Screening rho-meson mass in the presence of strong magnetic fields

TL;DR

This paper investigates how strong magnetic fields affect the screening mass of the neutral rho-meson using the KLZ model, revealing mode-dependent behaviors and contributing to understanding QCD in extreme environments.

Contribution

The study introduces a detailed analysis of rho-meson screening masses in strong magnetic fields, considering tensor structures and Landau level effects, which is novel in this context.

Findings

Zero and perpendicular modes increase with magnetic field strength.

Parallel mode remains approximately constant regardless of magnetic field.
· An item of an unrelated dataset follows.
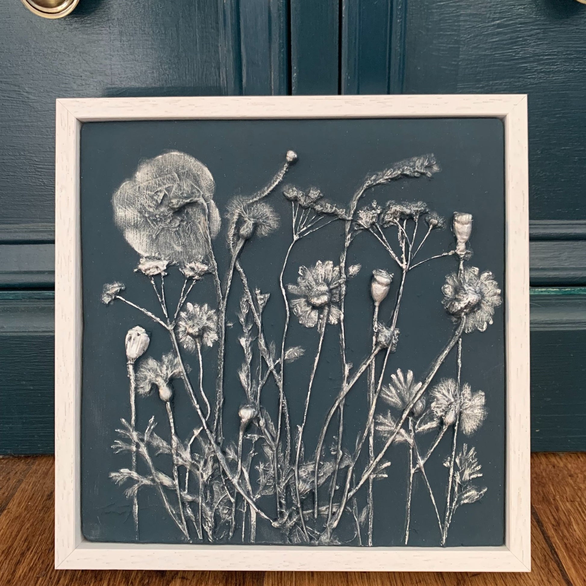 The flowers have been hand pressed into the clay, carefully removed creating an impression that will last forever, then professional plaster is poured into the clay to create a relief cast.
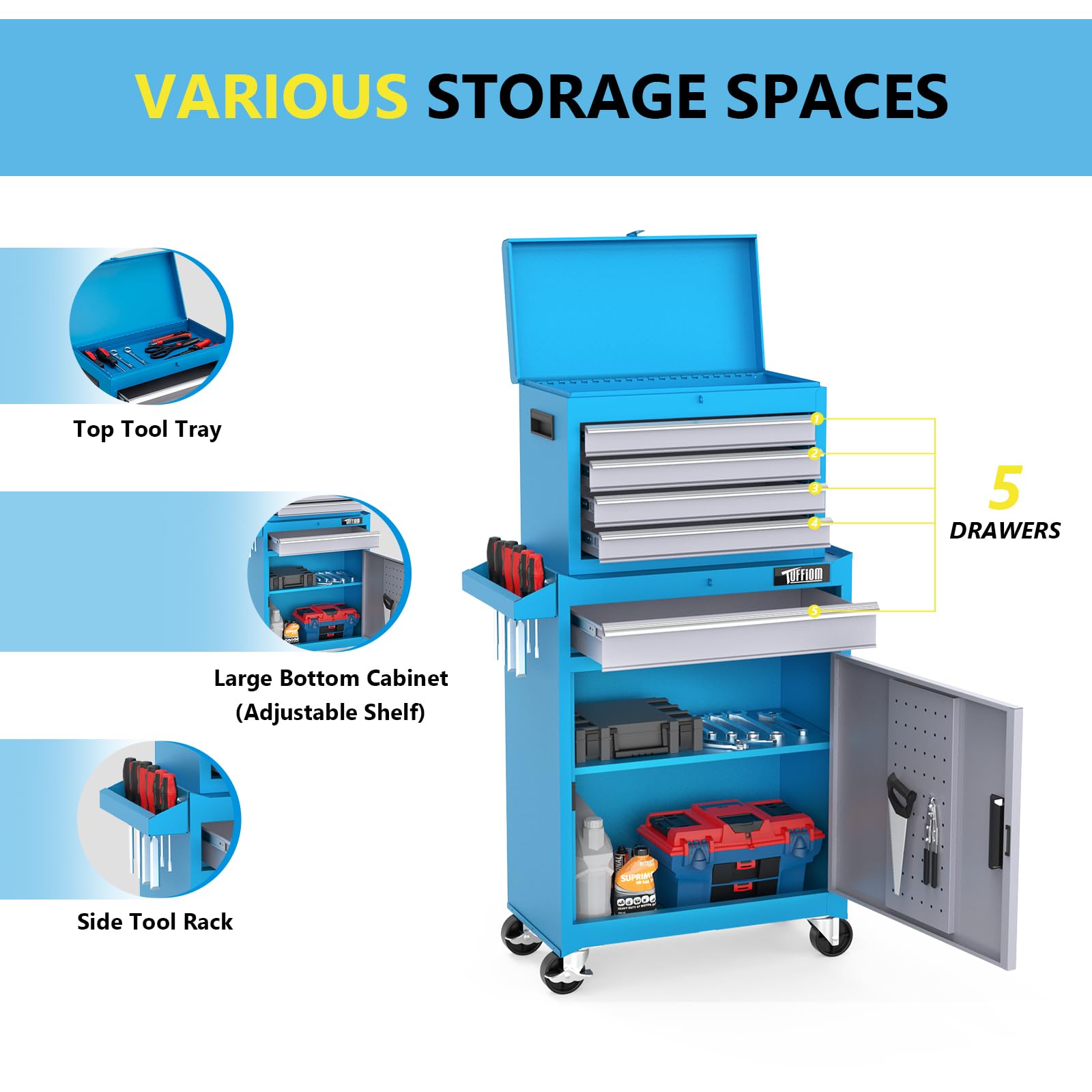 TUFFIOM 5-Drawer Rolling Tool Chest, Tool Storage Cabinet w/Drawers, Lockable Wheels, Detachable Top & Adjustable Shelf, Mechanic Tool Organizer Box for Garage, Workshop, Warehouse & Repair Shop

Distinct behaviors of screening masses provide insights into vector mesons in magnetized media.

Abstract

We study the screening mass of the neutral rho-meson in the presence of strong magnetic fields using the Kroll-Lee-Zumino (KLZ) model. The rho-meson self-energy is computed at one-loop order within the lowest Landau level (LLL) approximation, considering the magnetic field as the dominant energy scale. Due to Lorentz symmetry breaking induced by the external field, we decompose the self-energy into three independent tensor structures, which give rise to three distinct modes. Additionally, the four-momentum splits into parallel and perpendicular components, leading to two types of screening masses: the parallel screening mass ( $p_0=0$ and $p_\perp \to 0$ ) and the perpendicular screening mass ( $p_0=0$ and $p_\parallel \to 0$ ). Our results show that the zero and perpendicular modes exhibit a monotonically increasing behavior with the magnetic field strength, whereas the parallel mode remains essentially constant. These findings provide new insights into the behavior of vector mesons in strongly magnetized media, with implications for QCD under extreme conditions.